A progressive vs. a regressive system is not just favorable merely to be fair to those who are not rich. It is better economics. Aside from the reduced revenues that will necessarily follow, starving the working class will decimate GDP by killing demand for goods and services, just as starving out investment in infrastructure (schools, transportation, etc) will deplete the foundations of economic growth. Gene Sperling, who served as a top economic advisor to John Kerry during the 2004 Presidential election, echoed this sentiment to The New York Times in January when he said that “every Republican flat-tax proposal lowers the rate on people at the top. Now, if you're raising less revenue from the most well-off, one of two things are going to happen. You're either going to raise more revenue from the middle class, or you're going to pass on more debt to our children.''
The other oddity inherent in the current manifestation of the flat tax debate is the source of the “evidence” about the brilliance and grand possibilities of the system.

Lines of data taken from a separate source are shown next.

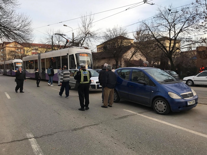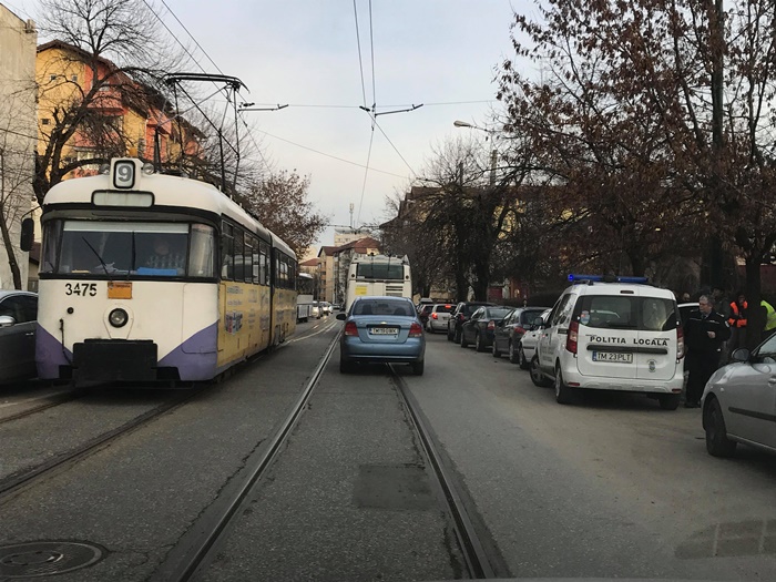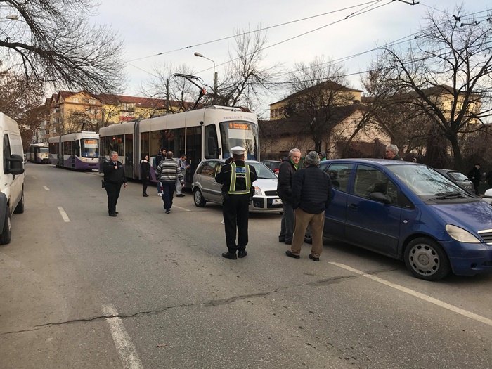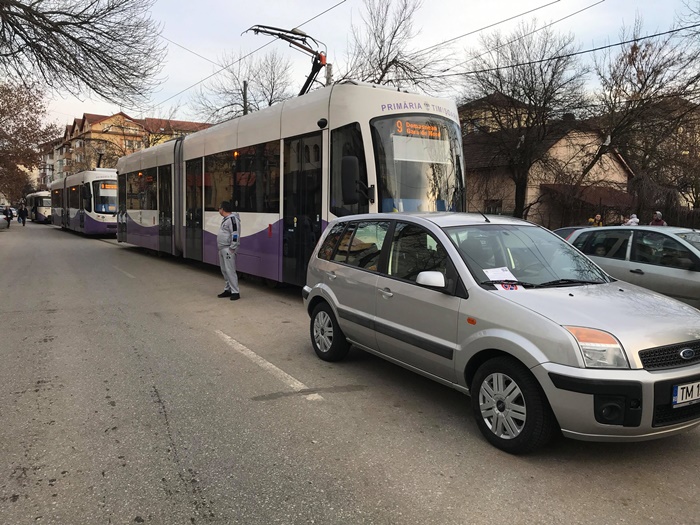 TIMISOARA. Blocaj, nervi si multe injuraturi slobozite de calatorii din 3 tramvaie care au fost nevoiti sa coboare din vagoane si sa-si continue drumul pe jos, vineri dupa-amiaza, pe un mare bulevard din Timisoara.
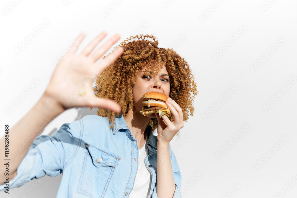 Young woman with curly hair holding a burger and refusing to eat, expressing a healthy eating concept, against a neutral background
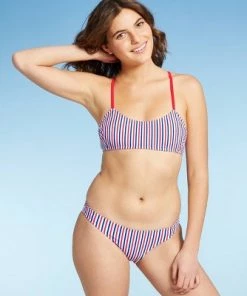 Discount 💯 Juniors’ Ribbed Cheeky Bikini Bottom – Xhilaration™ Red/White/Blue Stripe ✨
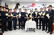 뉴스펀치 박세훈 기자 | 남해군의회는 7일 의장실에서 10명의 전 의원이 참여한 가운데 2026년 시무식 겸 첫 정례 의원간담회를 열고, 새해 의정활동의 출발을 알렸다. 이날 시무식은 의원 및 직원 표창을 시작으로, 기념 영상 시청, 떡케이크 커팅 등의 순으로 진행됐다. 수상자는 총 4명으로, 박종식 의원이 대한민국 지방의정 봉사상을, 장행복·장영자 의원은 경상남도 의정 봉사상 수상의 영예를 안았다. 의회사무과 김선예 주무관은 경상남도의회 의장 표창장을 받았다. 이어 제9대 남해군의회의 의정활동을 담은 기념 영상 ‘2026 함께 걸어온 길, 새로운 시작’을 시청하며 그간의 성과를 되짚고, 새해 의정 방향과 비전을 공유했다. 정영란 의장은 인사말에서 “2026년은 그동안의 의정 성과를 바탕으로 소통과 화합을 통해 군민의 삶에 한 걸음 더 다가가는 해가 되기를 바란다”며 “지난 한 해 동안 헌신해 주신 의원들과 직원들께 깊이 감사드린다”고 말했다. 시무식 이후 이어진 의원간담회에서는 △2026년 의회 회기일정 및 운영계획 △2025년 귀속 근로소득 연말정산 △지방의원 겸직 의무사항 △202
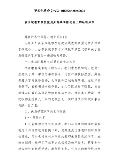 【七哥公文】2025年:在区域教育联盟优质资源共享推进会上的经验分享+更多免费公文+VX:QiGeGongWen2024+更多免费公文+VX:QiGeGongWen2024
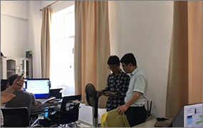 公司领导张伟对各位老师的到来表示热烈欢迎,并对创海科创教育的发展及概况进行介绍。并详细介绍了从课程体系、空间建设、师资培训到活动支持的科创教育整体解决方案,并就创客教育在学校的开展进行交流与探讨。
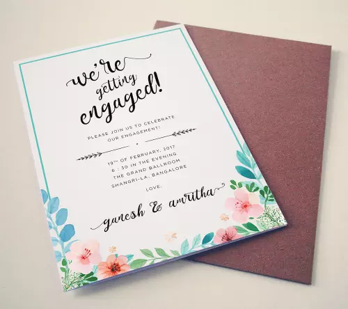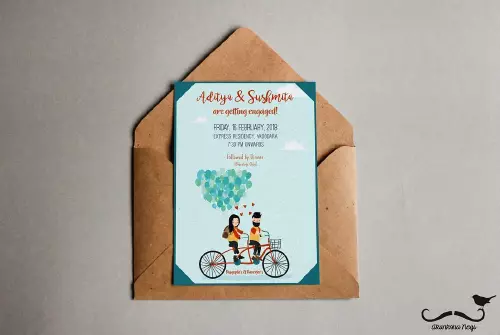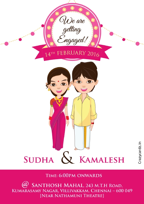 Designed by Aman engaged, this card hints at Santhosh Mahal, Near Nathamuni Theatre, Villivakkam, ChennaiDesigned by CrazyCardz.inMrs Daisy PradhanSaturday at 6:30 pmwithare getting Engaged
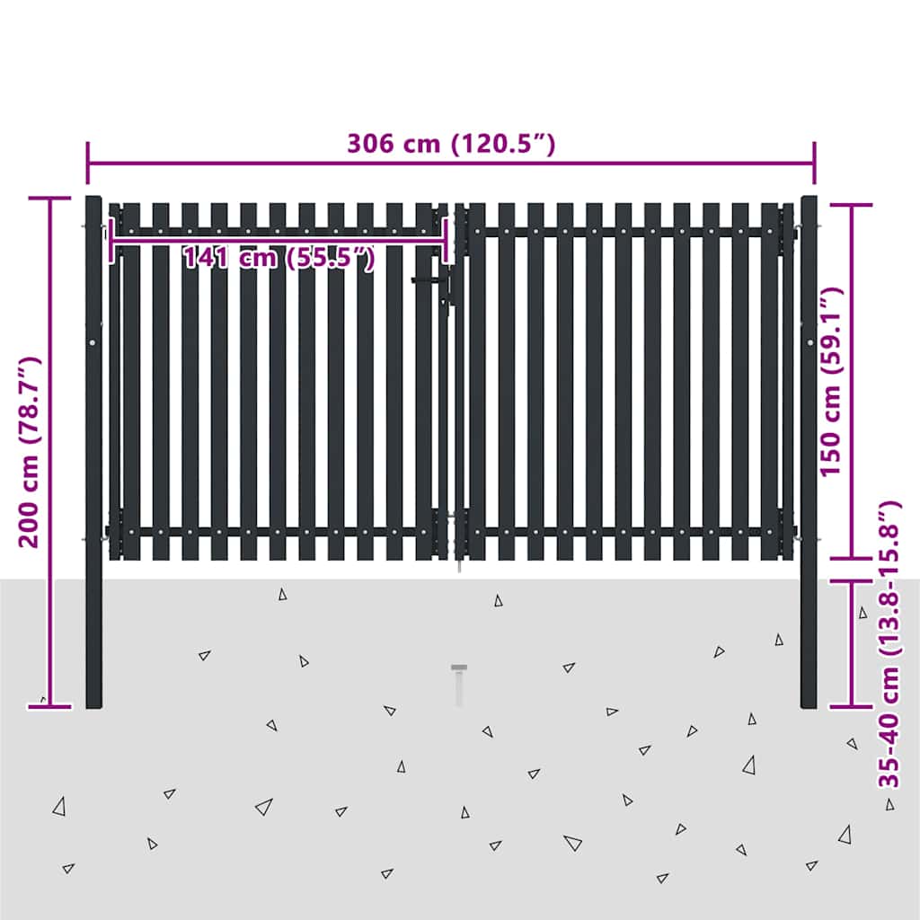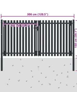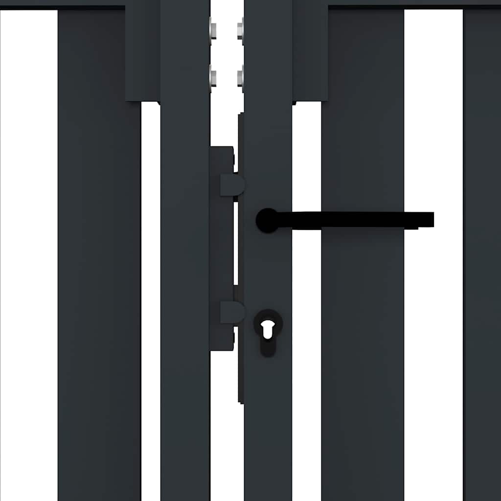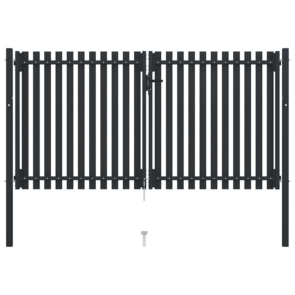Deze poort met dubbele deur is een moderne afscheiding tussen je tuin en de buitenwereld.
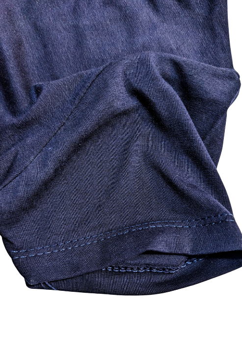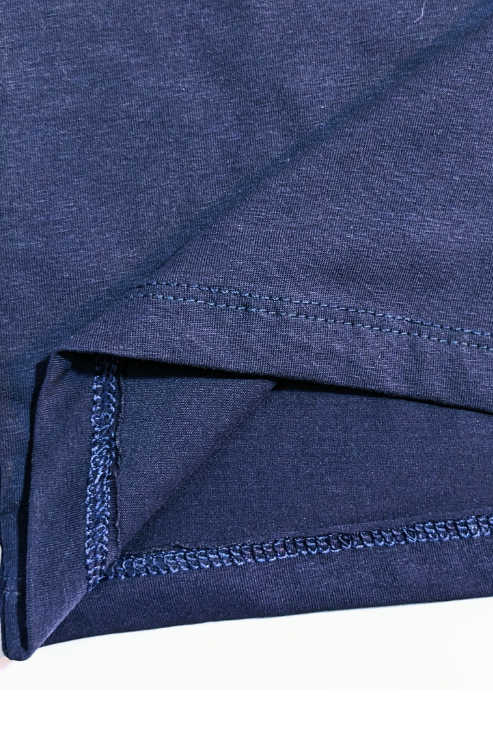 A deep navy blue t-shirt with a bold, multi-print design featuring modern typography, graphic patches, and travel-inspired elements. Crafted from soft, breathable fabric, this tee combines casual comfort with a statement-making style—perfect for adventurous young trendsetters who want to stand out.

President Bush and the conservatives are using the former Communist states of Romania, Russia , Estonia , etc. as the models of the United States ' tax future. As Manuela Paraipan points out, “ in Romania, as everywhere else in the former communist countries the taxes imposed by the state were progressive in order to finance various social welfare measures. After the fall of communism in 1989, the Social-Democratic Party (PSD) continued to perpetuate the political and the economical legacy of the former communist party to a certain extent. Thus, it kept the progressive taxation system, based on five classical brackets. However this system has become less and less efficient, due to increases in taxation levels and widespread corruption. A centralized government controlled system as the one we have had in Romania in the last 15 years had by its nature to evolve into a sordid game of lobbying, bootlicking, favours granted and bribery, with its rewards going to the sycophants, the inept and the immoral in contrast to the free-market system of competition, that rewards skill, efficiency and productivity.” Americans' handling of their own tax burden has never had a stellar reputation and the use of loopholes to evade a portion of one's tax burden is fairly common, especially among the well-healed, but is the United States' situation that dire that we need to resort to a taxation tactic that is used by other countries to counteract widespread and long-running corruption? A quick glance at the profiles of many of these flat tax countries at The World Factbook on the CIA's web site will illustrate the striking differences between the US 's economic situation and the situations of the flat tax countries. What may help these countries extract more tax revenue from a greater portion of their populations is not what is going to help the United States.